15

I have a folder table that joins to itself on an id, parent_id relationship:

CREATE TABLE folders (
  id int(10) unsigned NOT NULL AUTO_INCREMENT,
  title nvarchar(255) NOT NULL,
  parent_id int(10) unsigned DEFAULT NULL,
  PRIMARY KEY (id)
);

INSERT INTO folders(id, title, parent_id) VALUES(1, 'root', null);
INSERT INTO folders(id, title, parent_id) values(2, 'one', 1);
INSERT INTO folders(id, title, parent_id) values(3, 'target', 2);
INSERT INTO folders(id, title, parent_id) values(4, 'child one', 3);
INSERT INTO folders(id, title, parent_id) values(5, 'child two', 3);
INSERT INTO folders(id, title, parent_id) values(6, 'root 2', null);
INSERT INTO folders(id, title, parent_id) values(7, 'other child one', 6);
INSERT INTO folders(id, title, parent_id) values(8, 'other child two', 6);

I want a query that returns all the parents of that record, right back to the route and any children.

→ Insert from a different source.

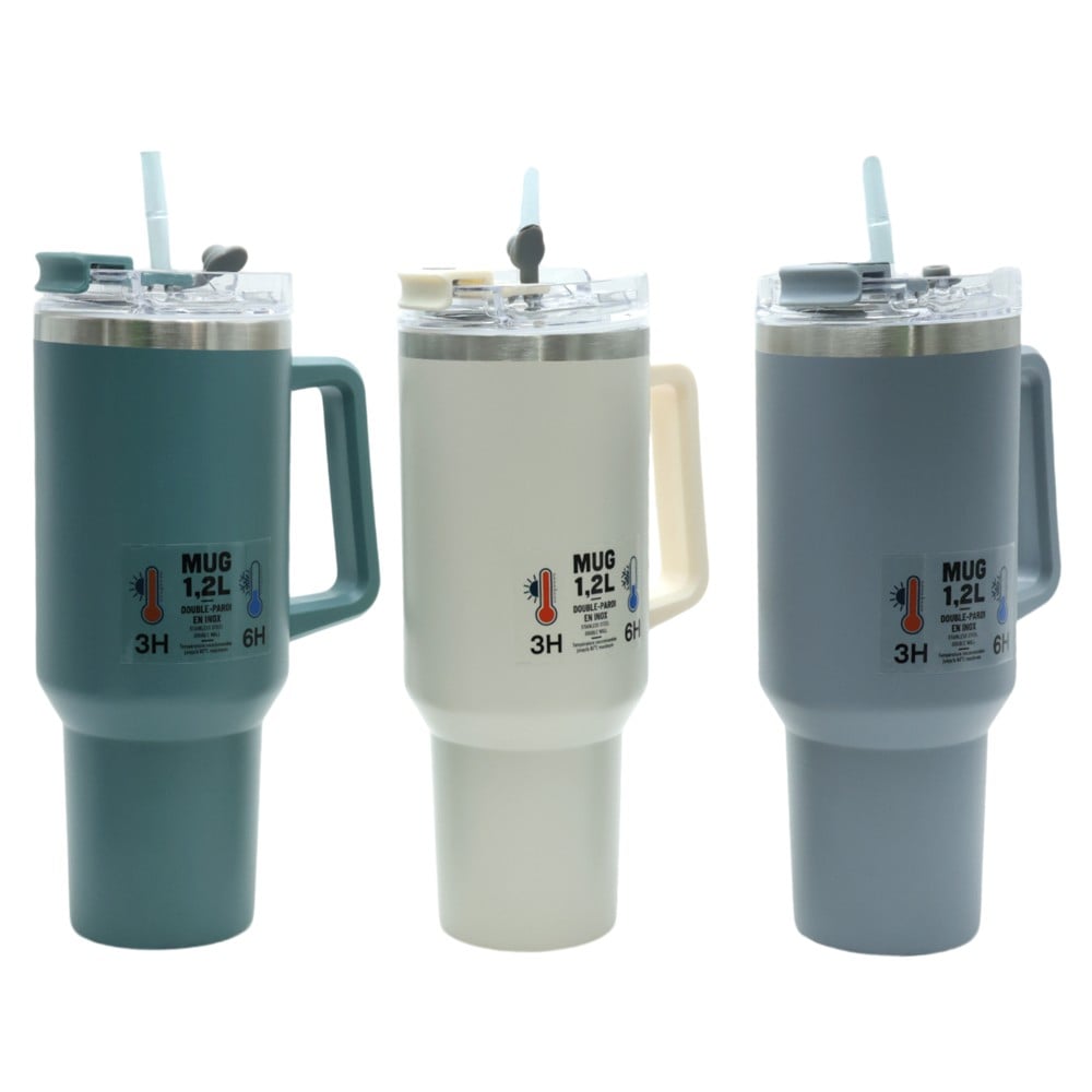 The stainless steel thermos in different colors with a capacity of 1.2 liters and a diameter of 10x a height of 26 cm is an excellent choice for keeping water or liquids cool or hot for a long time. The thermos is built with stainless steel, a durable and thermally insulated material, which makes it suitable for maintaining high temperatures for a long time. The silver color gives an elegant and modern look.

So if I ask for folder with id=3, I get records: 1, 2, 3, 4, 5. I am stuck how to get the parents.

The version of MYSQL is 5.7 and there are no immediate plans to upgrade so sadly CTEs are not an option.

I have created this sql fiddle

GMB
  • 216,147
  • 25
  • 84
  • 135
dagda1
  • 26,856
  • 59
  • 237
  • 450

8 Answers8

8

In your table design, ID and PARENT_ID corresponds to the "Adjacency List Model" for storing a tree.

There is another design, called the "Nested Set Model", which makes it easier to perform the operations you want here.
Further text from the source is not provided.